Repeat the records. Leave nothing out.

#####

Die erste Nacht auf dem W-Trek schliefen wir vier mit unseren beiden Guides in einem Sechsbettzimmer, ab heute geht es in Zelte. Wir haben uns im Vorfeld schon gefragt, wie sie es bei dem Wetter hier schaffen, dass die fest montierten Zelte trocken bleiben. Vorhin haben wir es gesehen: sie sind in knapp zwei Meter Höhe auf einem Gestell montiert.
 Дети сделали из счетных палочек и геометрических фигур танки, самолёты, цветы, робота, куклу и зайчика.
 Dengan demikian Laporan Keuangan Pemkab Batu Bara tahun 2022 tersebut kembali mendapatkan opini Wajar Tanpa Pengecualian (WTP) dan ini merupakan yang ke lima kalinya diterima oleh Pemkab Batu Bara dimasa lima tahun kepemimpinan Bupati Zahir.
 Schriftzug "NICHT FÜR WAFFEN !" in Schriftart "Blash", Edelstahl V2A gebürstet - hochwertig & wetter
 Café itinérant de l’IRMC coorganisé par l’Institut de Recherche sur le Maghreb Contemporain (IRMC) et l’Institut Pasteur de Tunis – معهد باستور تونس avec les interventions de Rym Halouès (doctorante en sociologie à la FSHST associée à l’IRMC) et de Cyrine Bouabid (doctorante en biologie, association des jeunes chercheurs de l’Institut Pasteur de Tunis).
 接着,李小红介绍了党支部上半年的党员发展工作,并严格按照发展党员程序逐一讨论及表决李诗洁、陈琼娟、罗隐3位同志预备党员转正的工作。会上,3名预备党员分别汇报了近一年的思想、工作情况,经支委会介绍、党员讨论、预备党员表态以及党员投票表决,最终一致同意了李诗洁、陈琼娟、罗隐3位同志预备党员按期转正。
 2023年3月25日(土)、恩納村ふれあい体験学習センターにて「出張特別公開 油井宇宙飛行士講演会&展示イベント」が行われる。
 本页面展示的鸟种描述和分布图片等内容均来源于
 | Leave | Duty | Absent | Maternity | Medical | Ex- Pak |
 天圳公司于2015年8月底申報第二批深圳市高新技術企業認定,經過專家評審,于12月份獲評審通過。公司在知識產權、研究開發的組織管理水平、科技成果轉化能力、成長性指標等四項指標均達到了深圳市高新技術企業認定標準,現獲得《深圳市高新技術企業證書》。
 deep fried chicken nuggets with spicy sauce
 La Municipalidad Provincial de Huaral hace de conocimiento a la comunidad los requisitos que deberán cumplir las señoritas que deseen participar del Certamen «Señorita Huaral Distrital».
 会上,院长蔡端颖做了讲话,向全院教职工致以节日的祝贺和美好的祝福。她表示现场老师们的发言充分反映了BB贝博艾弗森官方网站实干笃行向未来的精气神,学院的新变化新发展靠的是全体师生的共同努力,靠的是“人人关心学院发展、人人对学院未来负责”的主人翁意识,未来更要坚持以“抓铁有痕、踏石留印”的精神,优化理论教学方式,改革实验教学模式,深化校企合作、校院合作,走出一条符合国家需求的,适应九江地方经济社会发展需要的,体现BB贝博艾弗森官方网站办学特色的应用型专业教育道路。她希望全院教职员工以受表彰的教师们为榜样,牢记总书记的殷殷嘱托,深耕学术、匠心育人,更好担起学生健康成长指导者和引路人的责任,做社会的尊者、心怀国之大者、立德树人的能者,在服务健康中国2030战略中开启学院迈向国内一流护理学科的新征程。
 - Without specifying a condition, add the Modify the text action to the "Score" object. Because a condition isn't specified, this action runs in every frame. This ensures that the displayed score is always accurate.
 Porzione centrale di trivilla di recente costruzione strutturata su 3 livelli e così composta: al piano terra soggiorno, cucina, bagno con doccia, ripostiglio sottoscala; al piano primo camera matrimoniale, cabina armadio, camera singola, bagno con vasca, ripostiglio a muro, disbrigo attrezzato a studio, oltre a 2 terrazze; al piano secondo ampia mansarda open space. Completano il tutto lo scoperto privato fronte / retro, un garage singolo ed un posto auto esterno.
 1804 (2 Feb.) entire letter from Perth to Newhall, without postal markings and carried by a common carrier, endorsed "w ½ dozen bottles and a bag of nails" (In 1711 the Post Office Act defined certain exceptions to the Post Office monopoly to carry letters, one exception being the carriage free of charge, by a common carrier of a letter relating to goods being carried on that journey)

#####

Response box –
Die erste Nacht auf dem W-Trek schliefen wir vier mit unseren beiden Guides in einem Sechsbettzimmer, ab heute geht es in Zelte. Wir haben uns im Vorfeld schon gefragt, wie sie es bei dem Wetter hier schaffen, dass die fest montierten Zelte trocken bleiben. Vorhin haben wir es gesehen: sie sind in knapp zwei Meter Höhe auf einem Gestell montiert.
 Дети сделали из счетных палочек и геометрических фигур танки, самолёты, цветы, робота, куклу и зайчика.
 Dengan demikian Laporan Keuangan Pemkab Batu Bara tahun 2022 tersebut kembali mendapatkan opini Wajar Tanpa Pengecualian (WTP) dan ini merupakan yang ke lima kalinya diterima oleh Pemkab Batu Bara dimasa lima tahun kepemimpinan Bupati Zahir.
 Schriftzug "NICHT FÜR WAFFEN !" in Schriftart "Blash", Edelstahl V2A gebürstet - hochwertig & wetter
 Café itinérant de l’IRMC coorganisé par l’Institut de Recherche sur le Maghreb Contemporain (IRMC) et l’Institut Pasteur de Tunis – معهد باستور تونس avec les interventions de Rym Halouès (doctorante en sociologie à la FSHST associée à l’IRMC) et de Cyrine Bouabid (doctorante en biologie, association des jeunes chercheurs de l’Institut Pasteur de Tunis).
 接着,李小红介绍了党支部上半年的党员发展工作,并严格按照发展党员程序逐一讨论及表决李诗洁、陈琼娟、罗隐3位同志预备党员转正的工作。会上,3名预备党员分别汇报了近一年的思想、工作情况,经支委会介绍、党员讨论、预备党员表态以及党员投票表决,最终一致同意了李诗洁、陈琼娟、罗隐3位同志预备党员按期转正。
 2023年3月25日(土)、恩納村ふれあい体験学習センターにて「出張特別公開 油井宇宙飛行士講演会&展示イベント」が行われる。
 本页面展示的鸟种描述和分布图片等内容均来源于
 | Leave | Duty | Absent | Maternity | Medical | Ex- Pak |
 天圳公司于2015年8月底申報第二批深圳市高新技術企業認定,經過專家評審,于12月份獲評審通過。公司在知識產權、研究開發的組織管理水平、科技成果轉化能力、成長性指標等四項指標均達到了深圳市高新技術企業認定標準,現獲得《深圳市高新技術企業證書》。
 deep fried chicken nuggets with spicy sauce
 La Municipalidad Provincial de Huaral hace de conocimiento a la comunidad los requisitos que deberán cumplir las señoritas que deseen participar del Certamen «Señorita Huaral Distrital».
 会上,院长蔡端颖做了讲话,向全院教职工致以节日的祝贺和美好的祝福。她表示现场老师们的发言充分反映了BB贝博艾弗森官方网站实干笃行向未来的精气神,学院的新变化新发展靠的是全体师生的共同努力,靠的是“人人关心学院发展、人人对学院未来负责”的主人翁意识,未来更要坚持以“抓铁有痕、踏石留印”的精神,优化理论教学方式,改革实验教学模式,深化校企合作、校院合作,走出一条符合国家需求的,适应九江地方经济社会发展需要的,体现BB贝博艾弗森官方网站办学特色的应用型专业教育道路。她希望全院教职员工以受表彰的教师们为榜样,牢记总书记的殷殷嘱托,深耕学术、匠心育人,更好担起学生健康成长指导者和引路人的责任,做社会的尊者、心怀国之大者、立德树人的能者,在服务健康中国2030战略中开启学院迈向国内一流护理学科的新征程。
 - Without specifying a condition, add the Modify the text action to the "Score" object. Because a condition isn't specified, this action runs in every frame. This ensures that the displayed score is always accurate.
 Porzione centrale di trivilla di recente costruzione strutturata su 3 livelli e così composta: al piano terra soggiorno, cucina, bagno con doccia, ripostiglio sottoscala; al piano primo camera matrimoniale, cabina armadio, camera singola, bagno con vasca, ripostiglio a muro, disbrigo attrezzato a studio, oltre a 2 terrazze; al piano secondo ampia mansarda open space. Completano il tutto lo scoperto privato fronte / retro, un garage singolo ed un posto auto esterno.
 1804 (2 Feb.) entire letter from Perth to Newhall, without postal markings and carried by a common carrier, endorsed "w ½ dozen bottles and a bag of nails" (In 1711 the Post Office Act defined certain exceptions to the Post Office monopoly to carry letters, one exception being the carriage free of charge, by a common carrier of a letter relating to goods being carried on that journey)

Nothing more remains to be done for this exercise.